Less than a year after Ivan, Hurricane Emily struck in July 2005 as a Category 1 storm, compounding the damage before the island had fully recovered.
Is the Risk Increasing?
Climate modeling specific to Grenada projects that tropical storms reaching the island will likely grow more intense in coming decades. Rising sea surface temperatures across the Atlantic are fueling this trend. The key finding from climate assessments is that the number of storms may not increase, but the ones that do form are expected to be stronger.
North Atlantic hurricanes and tropical storms have already increased in intensity over the past 30 years. For an island that historically relied on its southern position as a buffer, this shift is significant. A storm that might have grazed Grenada as a tropical storm in past decades could arrive as a more powerful hurricane in the future. The Grenada government’s own climate resilience planning now treats more intense hurricanes as a high-confidence projection.
What This Means for Travelers
If you’re planning a trip to Grenada during hurricane season (June through November), you’re accepting a level of risk that’s real but lower than most other Caribbean destinations. The peak danger window is mid-August through mid-September. Traveling outside those weeks, even within hurricane season, reduces your exposure considerably.

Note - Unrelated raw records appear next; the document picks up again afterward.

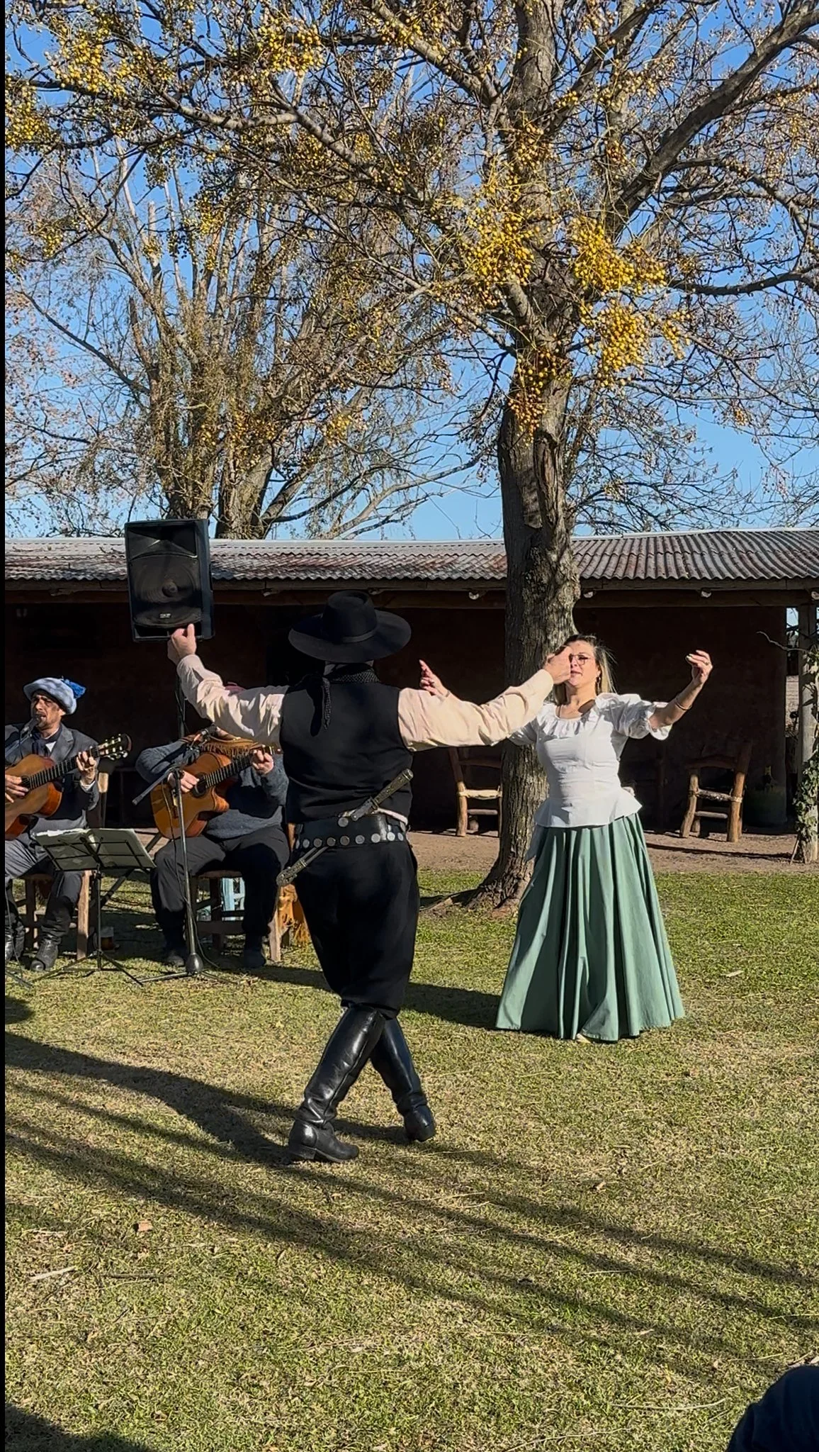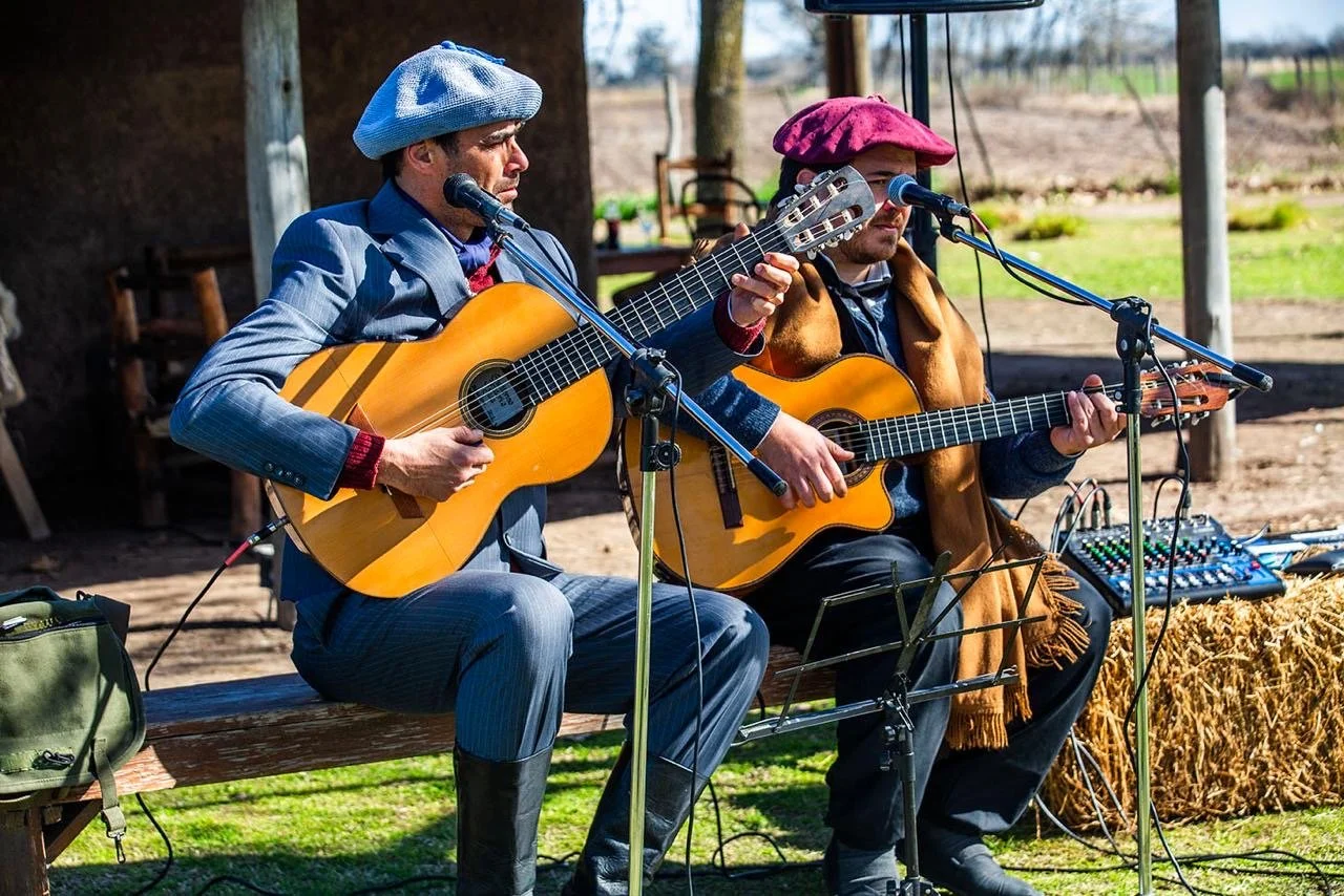 Auténtico día de campo: Cabalgata o paseo en carruaje, asado tradicional, música en vivo, baile folclórico y destrezas gauchas que reflejan la esencia de nuestras tradiciones.
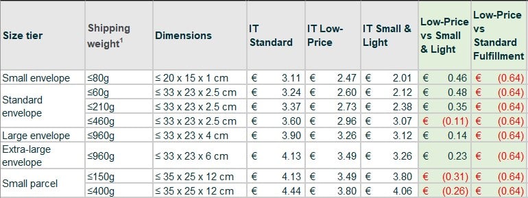 In the Italy marketplace, Low-Price FBA rates provide significantly reduced fulfillment fees when compared to Standard FBA with a €0.64 savings across the board. When comparing Low Price FBA fees vs Small & Light, results are mixed with Low-Price FBA €0.26 more expensive on average in the envelope size tiers and up to €0.31 less expensive in Small Parcel.
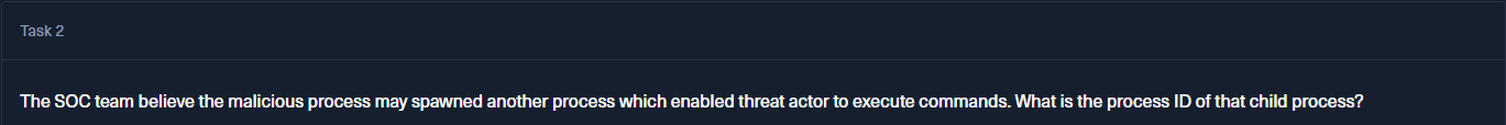 The SOC team believe the malicious process may spawned another process which enabled threat actor to execute commands. What is the process ID of that child process?
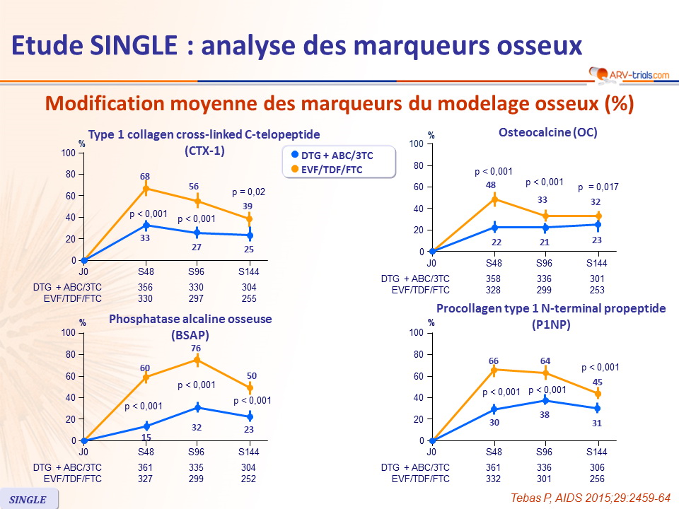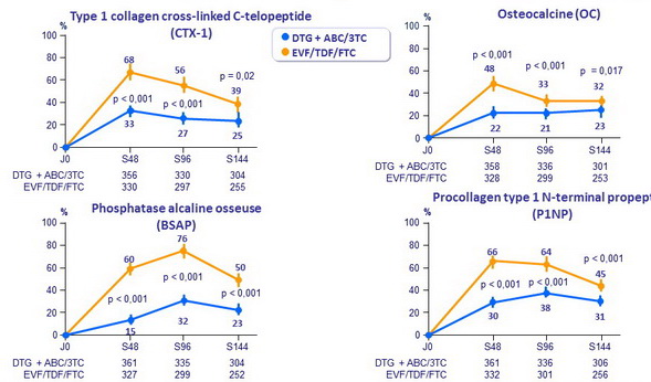 + 208 pour TDF/FTC/EFV (p < 0,001)
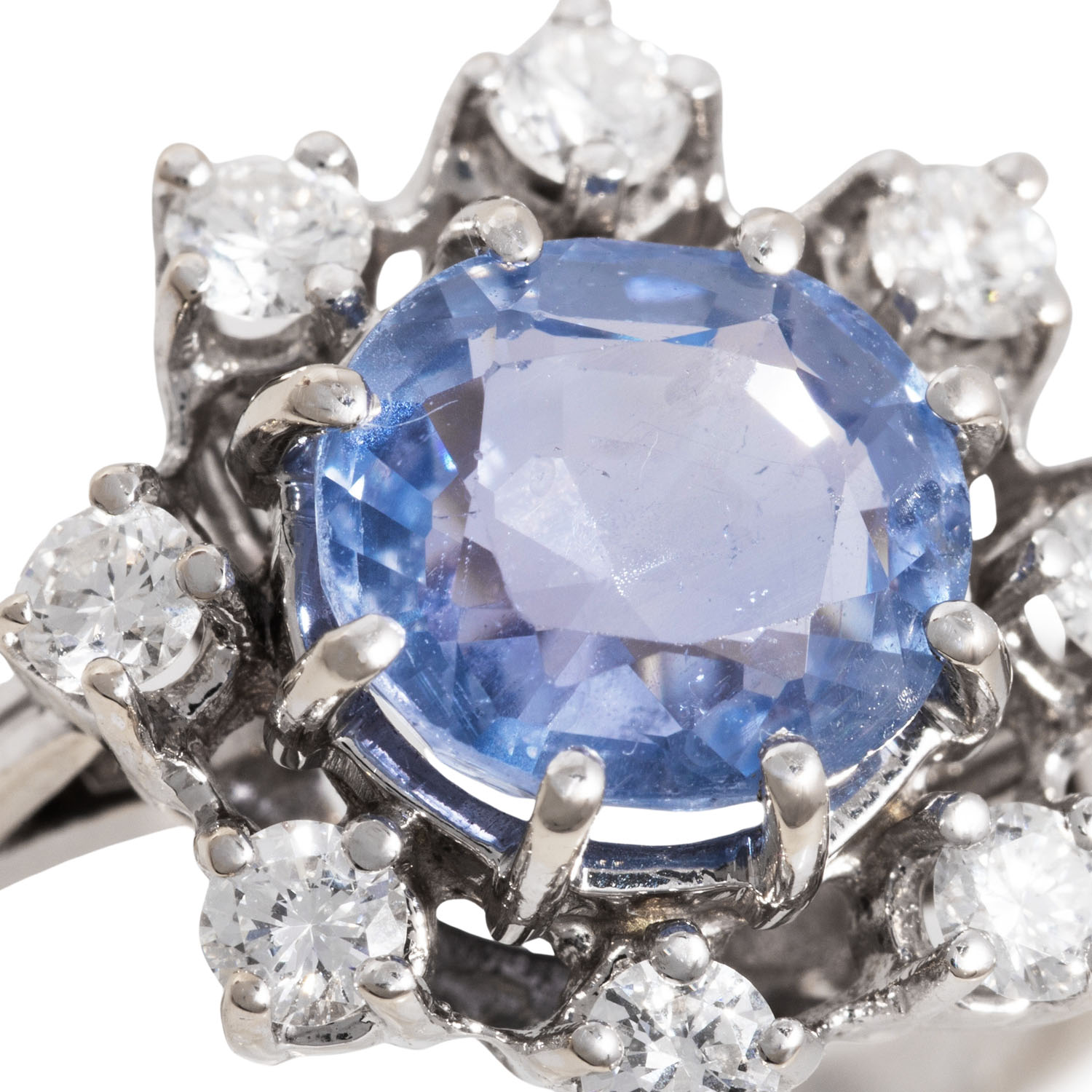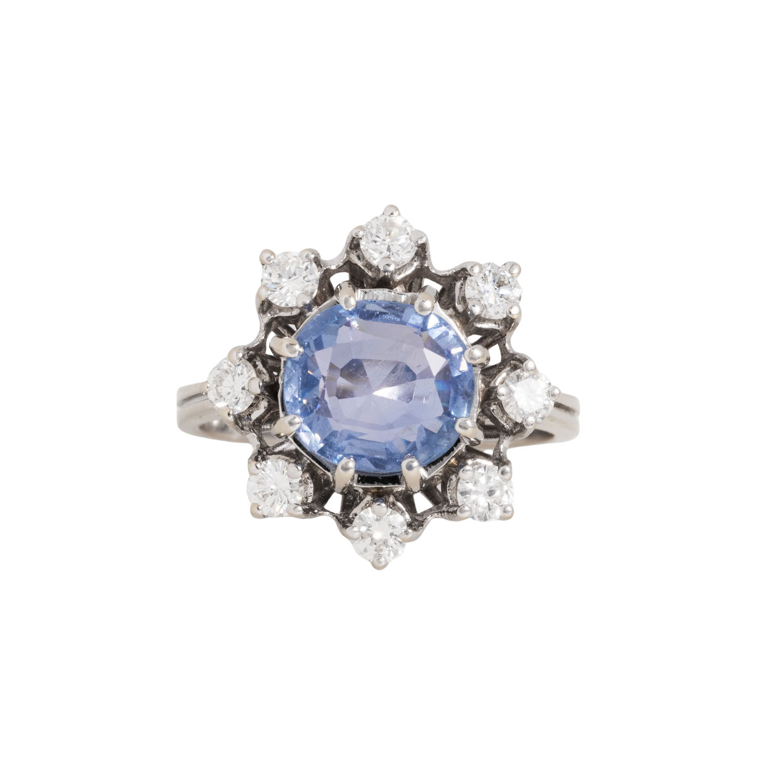 Ring mit Saphir, 6 Brillanten und 6 Achtkantdiamanten
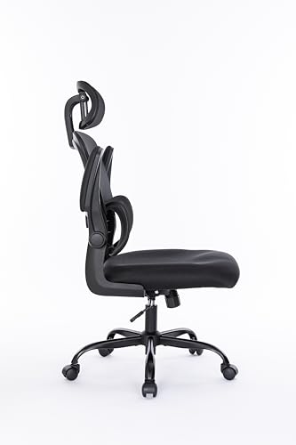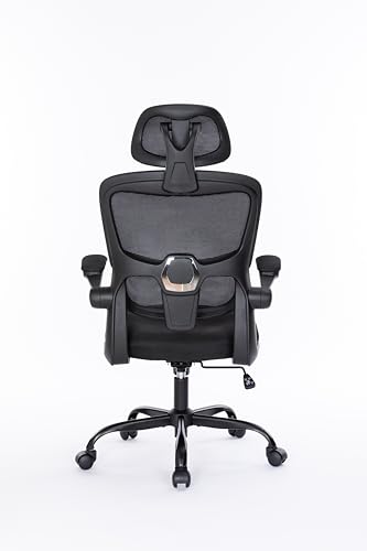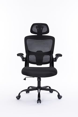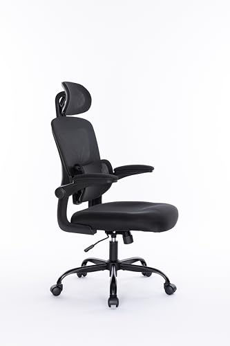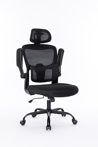 Breathable Mesh Computer Chair with 3D Adjustable Lumbar Support, High Back Desk Chair with Flip-up Arms, Executive Computer Chair Home Office Task Swivel Rolling Chairs for Adults (Cream)

The U.S. State Department recommends purchasing travel insurance before visiting Grenada, including coverage for medical evacuation and trip cancellation. Most healthcare providers on the island accept only cash, and standard domestic health insurance plans often don’t cover overseas care. If you’re traveling during hurricane season specifically, check whether your policy covers weather-related disruptions, as some insurers treat named storms differently once they’ve been officially identified.
Many cruisers and sailors deliberately spend hurricane season in Grenada because of its relatively sheltered position. The island has marinas and boatyards that cater specifically to vessels riding out the season. But “relatively sheltered” is not the same as safe, and Ivan proved that decisively. The island is in the hurricane belt, and any season could bring a direct hit.